Working from the start of the listing, please write out exactly the lines through the one that holds "Hola Chela. A", both included, and omit all pictures.

──────────

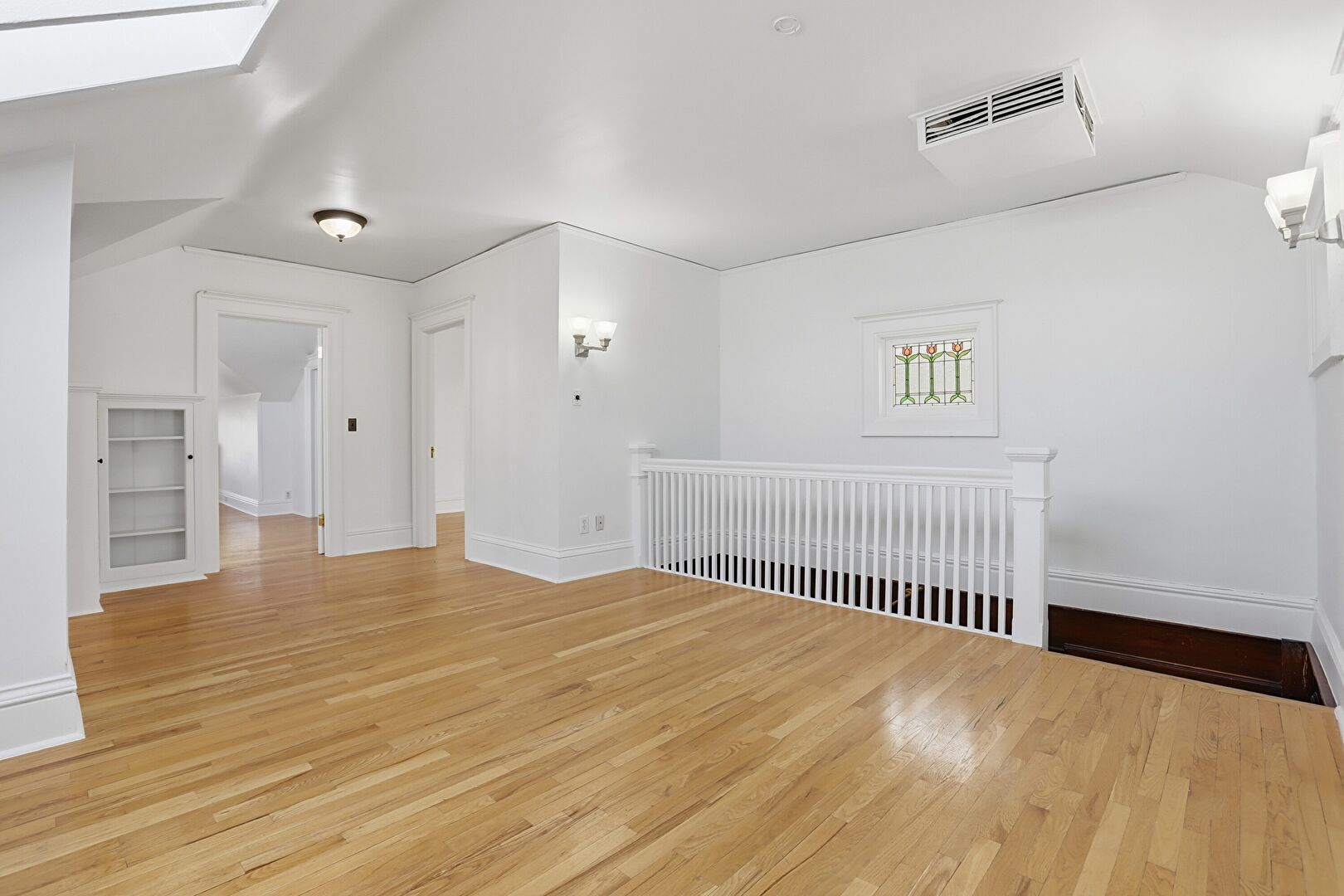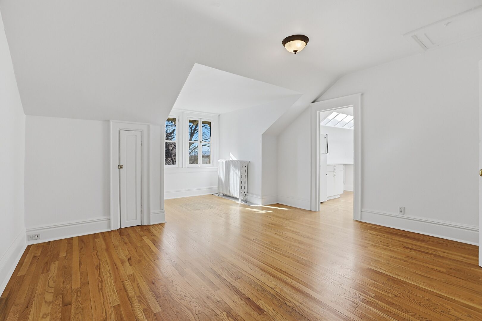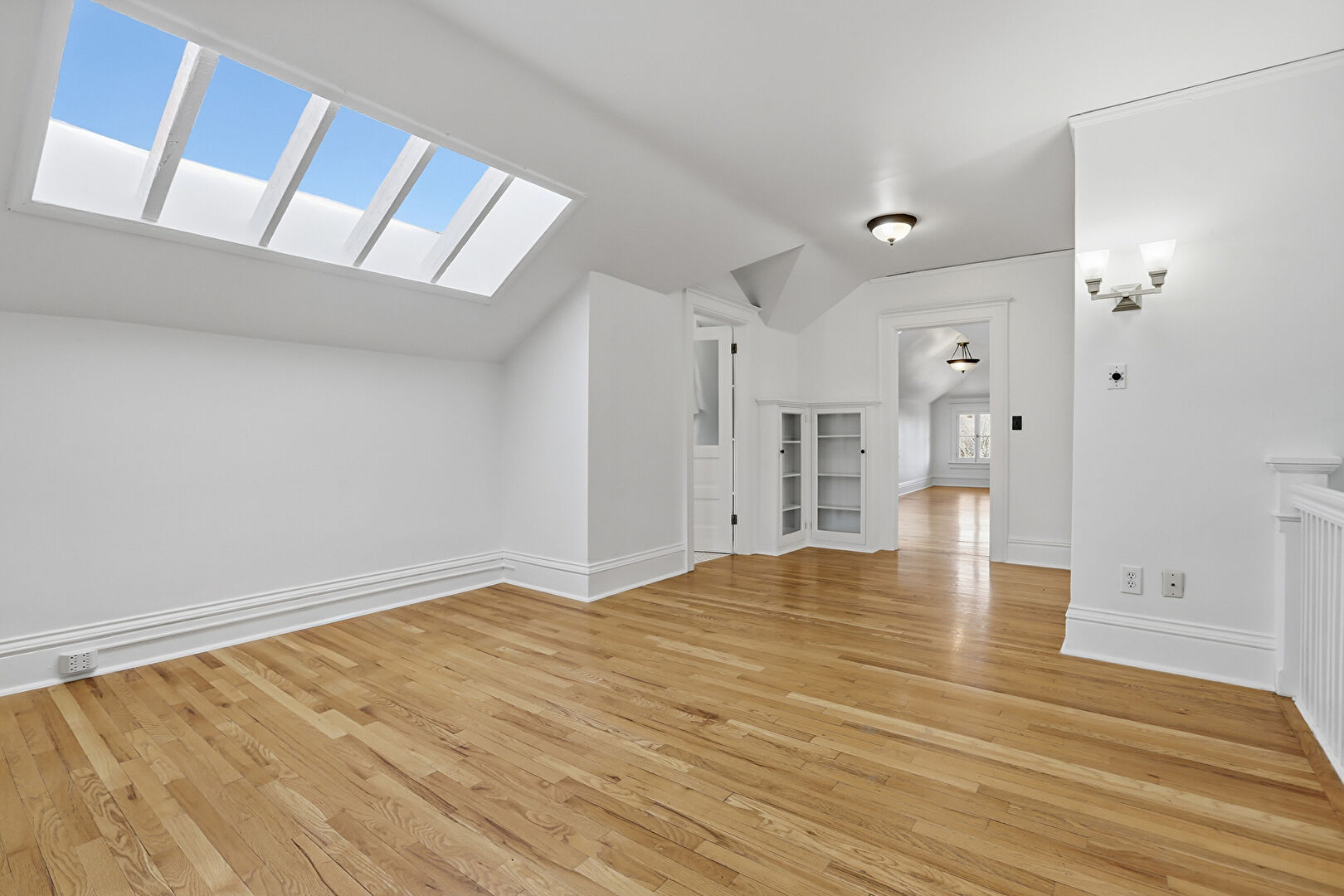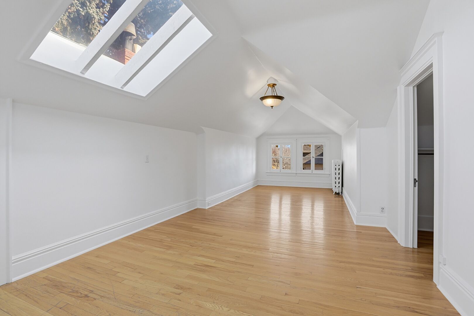 Baseboard Radiator, Baseboards Wall, Bonus Room, Built In Shelves, Ceiling Fan, Crown Molding, Drywall, Natural Light, Radiator, Skylight, Vaulted Ceiling, Vent, Wood Finish Floor, Baseboards Wall, Bonus Room, Brick Wall, Ceiling Fan, Drywall, Natural Light, Paneling Wall, Radiator, Skylight, Wood Finish Floor
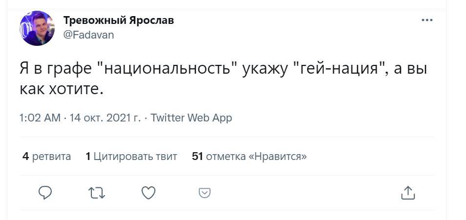 ЛГБТ-активист Ярослав написал в Телеграме: «Тут перепись населения намечается. И за пару недель до этого началась кампания про то, чтобы указать миноритарные национальности, чтобы не терялось финансирование родных языков и прочая. Ну и для видимости (…). Я никогда себя с национальностью не ассоциировал, хотя иногда обозначал себя как бурята (по корням деда), но тут свой выбор сделал. Я в графе «национальность» укажу «гей-нация», а вы как хотите».
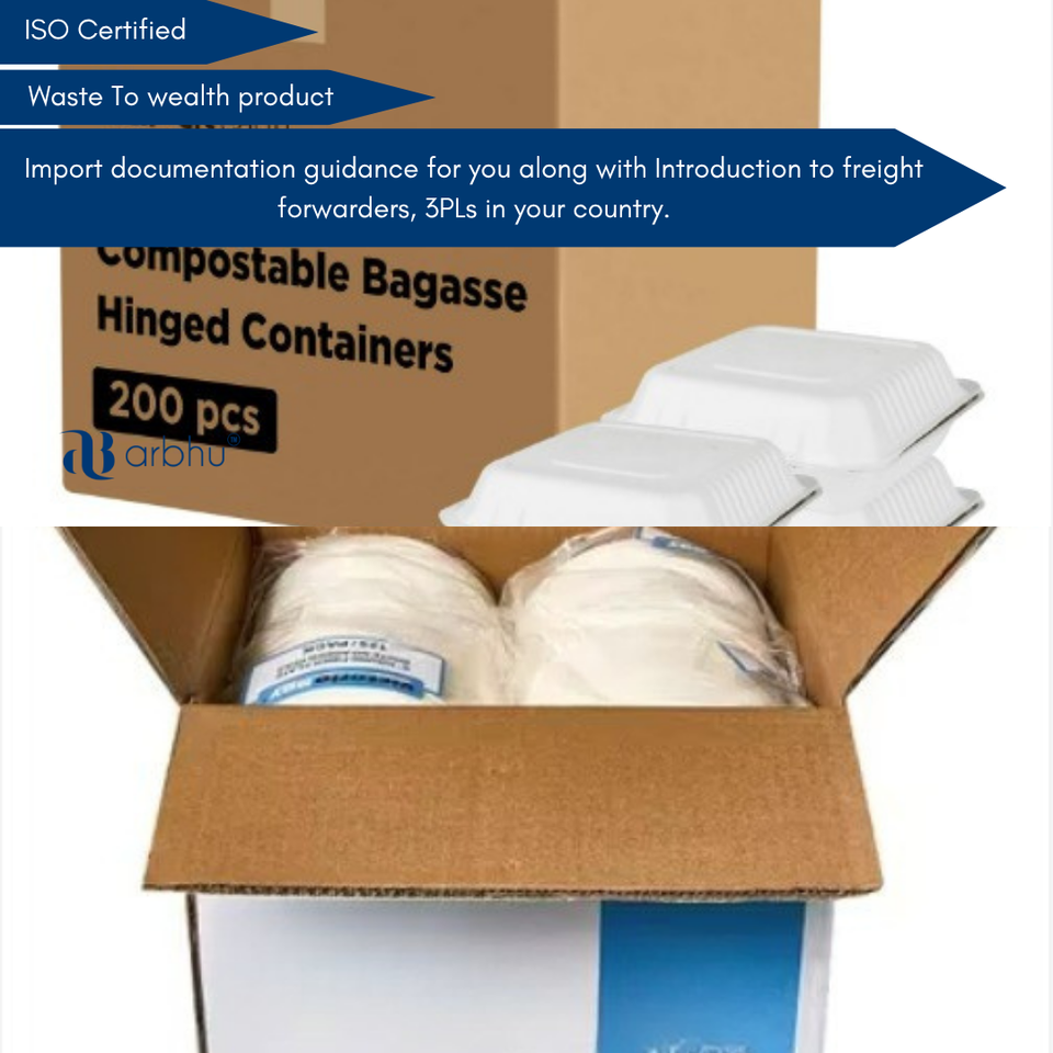Caja de Fibra de Caña de Azúcar Biodegradable y Compostable, Contenedor Desechable para Alimentos para Llevar, Suministro al por Mayor
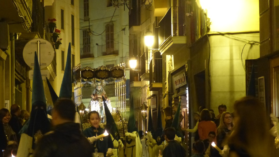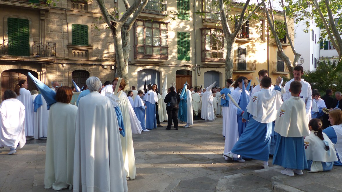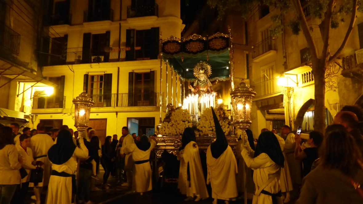 Hola Chela. A mí me da mucha rabia que en los telediarios siempre hacen un repaso por las principales procesiones, o por las más peculiares… y nunca mencionan las de Palma. No existimos. Este año aprovechando las fechas y el buen tiempo estaba repleto de turistas que admiraban con emoción todo lo que estaban viendo. Al menos, aunque vengan principalmente por el sol, aprecian nuestras tradiciones. En la de ayer estaba la reina Sofía, le gusta mezclarse con la gente y vivir la semana santa como una más.
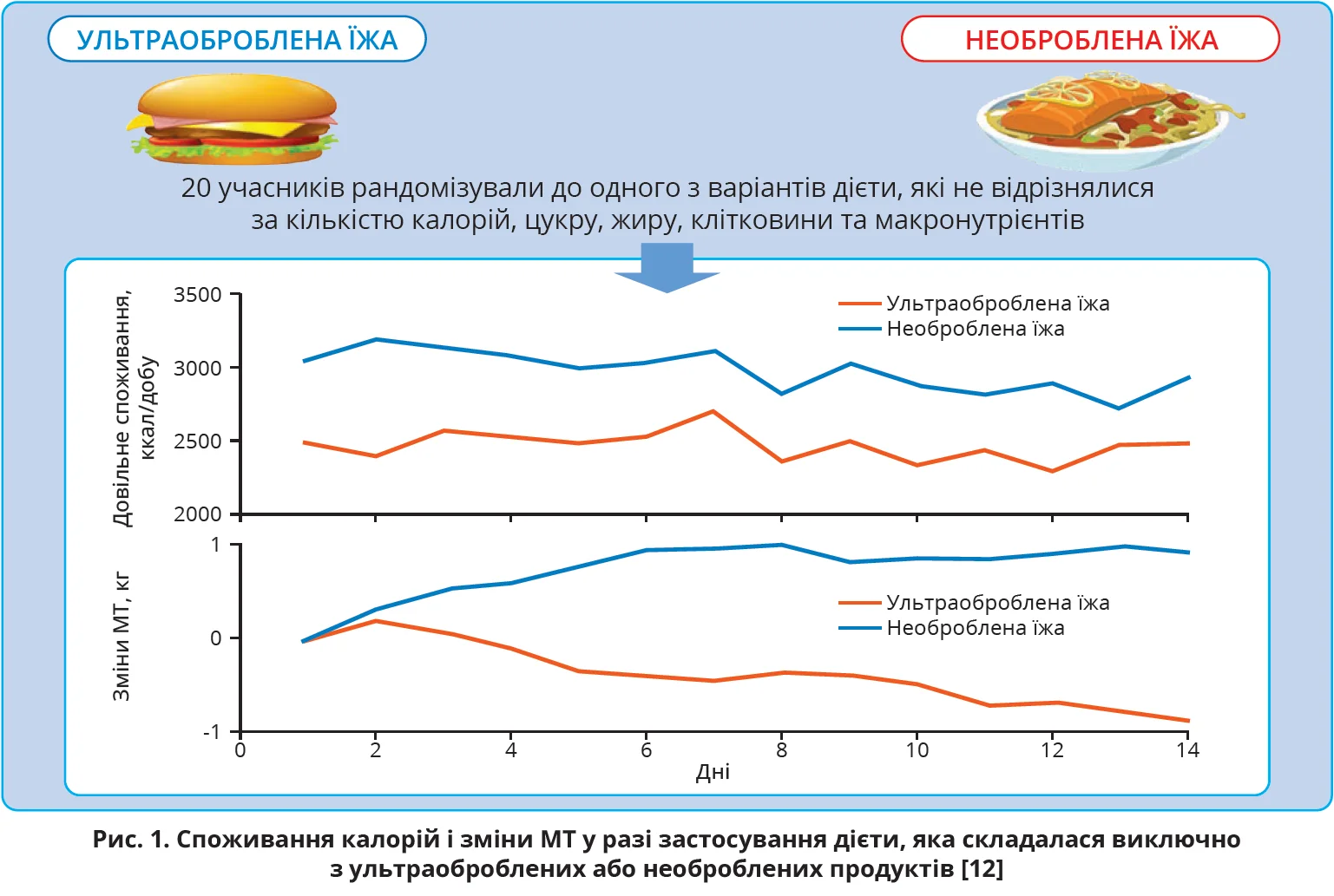 Сучасна дієта включає значну кількість насичених жирів, цукру та солі, що значно перевищує рекомендовану добову норму для жінок у 1800 кал. Отож, якщо жінка не регулює споживання калорій та/або має низьку фізичну активність, виникає стан позитивного енергетичного балансу та збільшення МТ. Популярність ультраобробленої їжі пояснює пандемію ожиріння у світі [11]. У 2019 р. проведено цікаве рандомізоване контрольоване дослідження, фінансоване Національним інститутом охорони здоров’я США. Двадцять дорослих забезпечено триразовим харчуванням і перекусами, які цілковито складалися або з ультраоброблених, або з необроблених продуктів з однаковою кількістю калорій, макроелементів, клітковини, натрію та цукру. Впродовж 2 тижнів учасникам дозволялося їсти будь-яку кількість їжі, після чого дієту в групах міняли на наступні 2 тижні. Виявилося, що учасники, які вживали ультраоброблені продукти, споживали ≈500 додаткових калорій щодня порівняно з тими, котрі їли необроблену їжу, та набрали в середньому 1 кг МТ (рис. 1). За наступні 2 тижні учасники, які споживали необроблені продукти, втратили попередньо набрану МТ.
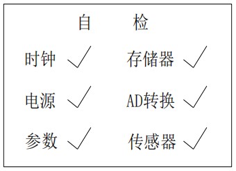 如果仪表运行错误,可通过进入该选项,查询具体的仪表运行错误,打钩为正常,打叉为错误。另仪表启动时执行自检,如果有错误将显示此界面。在仪表运行时,也可进入该选项查询仪表运行状态。
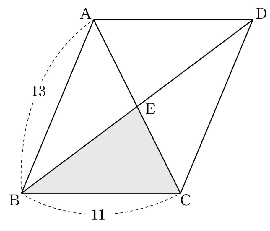 그림과 같이 $\overline{\mathrm{AB}}=13$, $\overline{\mathrm{BC}}=11$, $\angle \mathrm{CBA}<90^\circ$인 평행사변형 $\mathrm{ABCD}$의 두 대각선이 만나는 점을 $\mathrm{E}$라 하자. 삼각형 $\mathrm{BCE}$의 넓이가 $33$일 때, 선분 $\mathrm{BD}$의 길이는?
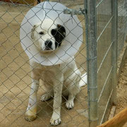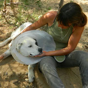 Femelle croisée mastin de 35 kilos, elle peut avoir environ 2 ans, trouvée dans un état lamentable sur la rive sans issue d'un barrage, comment y est-elle arrivée ? Elle a des blessures horribles à la patte avant droite mais c'est un amour, elle se laisse soigner malgré ce qu'elle doit souffrir.... elle n'arrête pas de lécher nos mains pour nous remercier. Elle a été reccueillie avec des vers à la patte et nous ne savons pas si cette blessure a pu être causée par un piège, elle n'a presque pas de masse musculaire à la patte... le coussinet s'est ouvert avec l'infection. Elle a besoin d'une maison où il y ait de l'hygiène pour ses blessures.
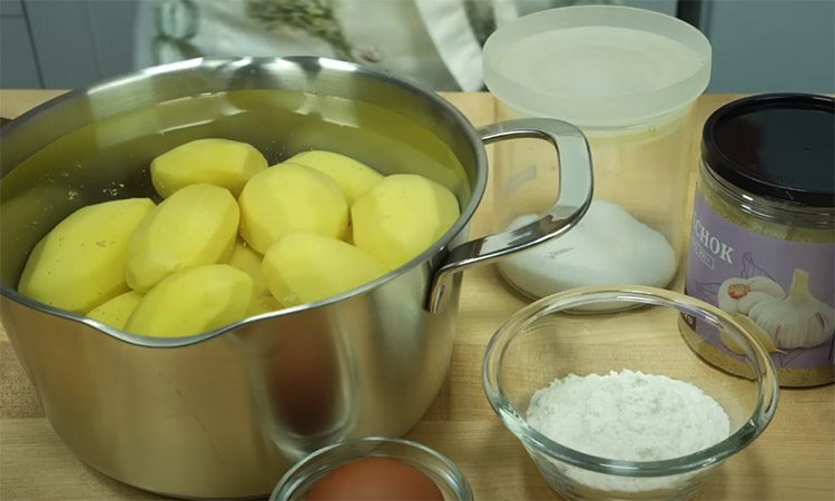 Очистите картофель от кожуры и отварите в несоленой воде до полной готовности. Слейте воду через дуршлаг, дайте лишней влаге полностью испариться, затем разомните картофель толкушкой в однородное пюре. Посолите остывшее пюре по вкусу, добавьте специи, разбейте в него яйцо и перемешайте. Всыпьте немного муки и замесите ложкой густое и пластичное тесто, которое должно слегка липнуть к рукам.
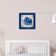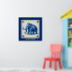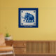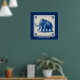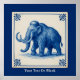 En humoristisk, monoton, blå ullig mammoth (mammathus primigenii) i stil i en Delft-bricka. Anpassa genom att lägga till egen text.
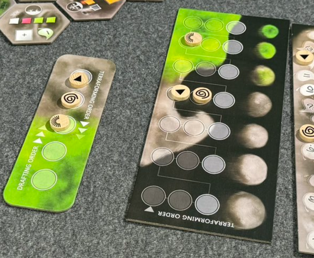 ドラフトでは得られた限られた数のリソースしか持てないため、ゲーム序盤は1ラウンド中複数回のテラフォーミングがなかなか難しい。事実上、行動範囲に制限が大きく課せられているのに等しいのだ。
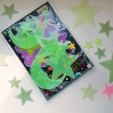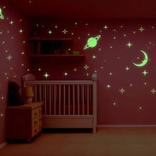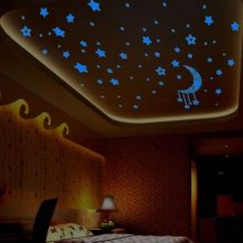 Можете да получите ефекта на искрящи звезди на тавана не само с помощта на специална лампа. Флуоресцентните стикери под формата на Луна, Луна, комети, звезди или цели съзвездия, летящи покрай тях, могат да създадат еднакво вълшебна атмосфера.
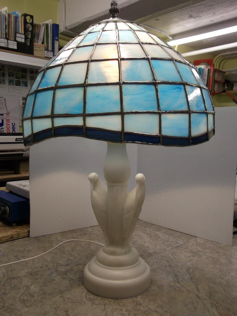 Cours de lampe Tiffany sur moule Ce cours s'adresse aux membres ayant atteints une bonne habileté à faire des vitraux. Il faut prévoir aussi de mettre du temps de travail à la maison entre les cours. Coût : 200$. La carte de membre de 40$ est exigée et la carte loisirs de Beloeil. Matériel : tout le verre et le capuchon sont aux frais de l'élève
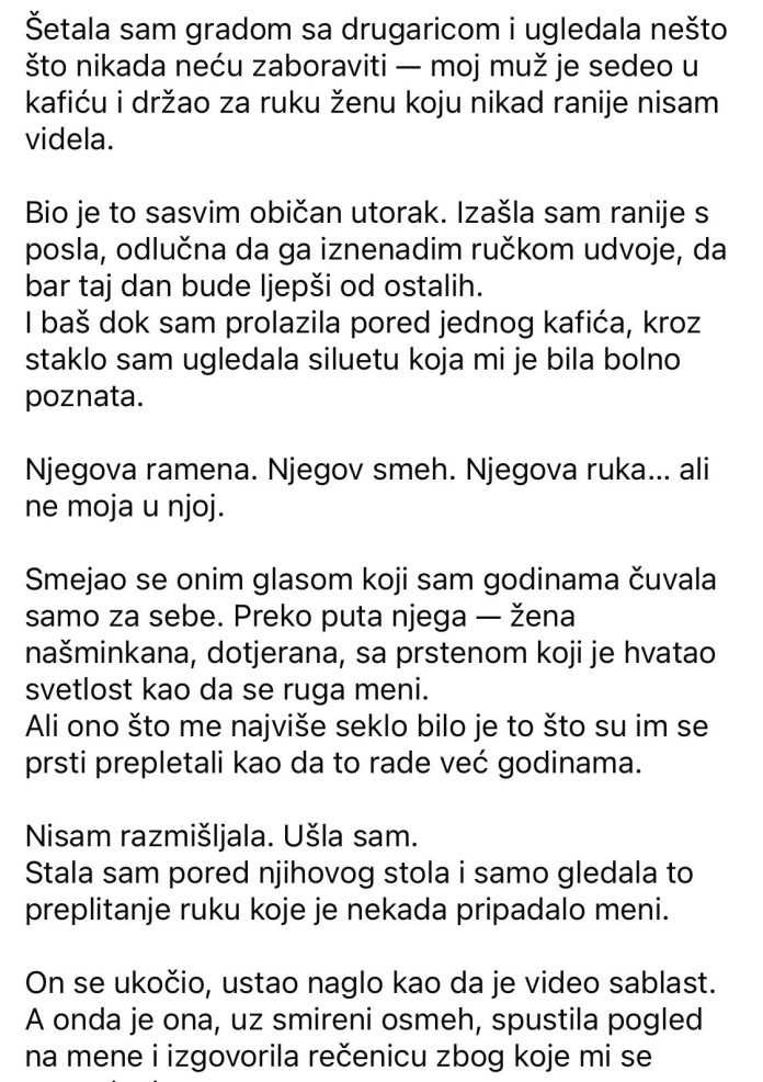 Prepoznala bih ga i u mraku. Njegov smeh, njegov način kako naginje glavu kad sluša.Ali nije sedeo sam. Preko puta njega — žena, nasmejana, doterana, s prstenom koji se blistao na pogrešnoj ruci. A njihovi prsti — isprepleteni.
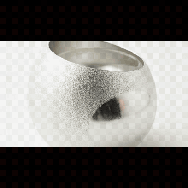 全体を完璧な鏡面に磨き上げた上で、指が自然と触れる部分を人間工学に基づき設計。
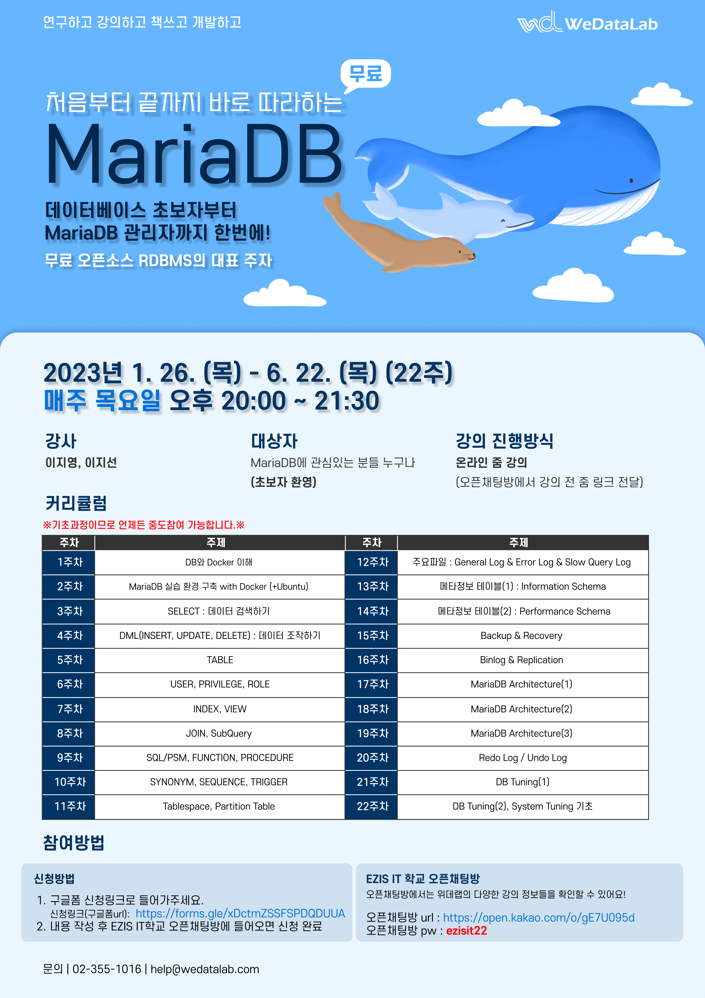 💡 무료 오픈소스 RDBMS의 대표 주자인 MariaDB가 궁금하시다면, 지금 바로 EZIS IT 학교와 함께하세요 🗯

──────────

Result of this exercise:
 Baseboard Radiator, Baseboards Wall, Bonus Room, Built In Shelves, Ceiling Fan, Crown Molding, Drywall, Natural Light, Radiator, Skylight, Vaulted Ceiling, Vent, Wood Finish Floor, Baseboards Wall, Bonus Room, Brick Wall, Ceiling Fan, Drywall, Natural Light, Paneling Wall, Radiator, Skylight, Wood Finish Floor
 ЛГБТ-активист Ярослав написал в Телеграме: «Тут перепись населения намечается. И за пару недель до этого началась кампания про то, чтобы указать миноритарные национальности, чтобы не терялось финансирование родных языков и прочая. Ну и для видимости (…). Я никогда себя с национальностью не ассоциировал, хотя иногда обозначал себя как бурята (по корням деда), но тут свой выбор сделал. Я в графе «национальность» укажу «гей-нация», а вы как хотите».
Caja de Fibra de Caña de Azúcar Biodegradable y Compostable, Contenedor Desechable para Alimentos para Llevar, Suministro al por Mayor
 Hola Chela. A mí me da mucha rabia que en los telediarios siempre hacen un repaso por las principales procesiones, o por las más peculiares… y nunca mencionan las de Palma. No existimos. Este año aprovechando las fechas y el buen tiempo estaba repleto de turistas que admiraban con emoción todo lo que estaban viendo. Al menos, aunque vengan principalmente por el sol, aprecian nuestras tradiciones. En la de ayer estaba la reina Sofía, le gusta mezclarse con la gente y vivir la semana santa como una más.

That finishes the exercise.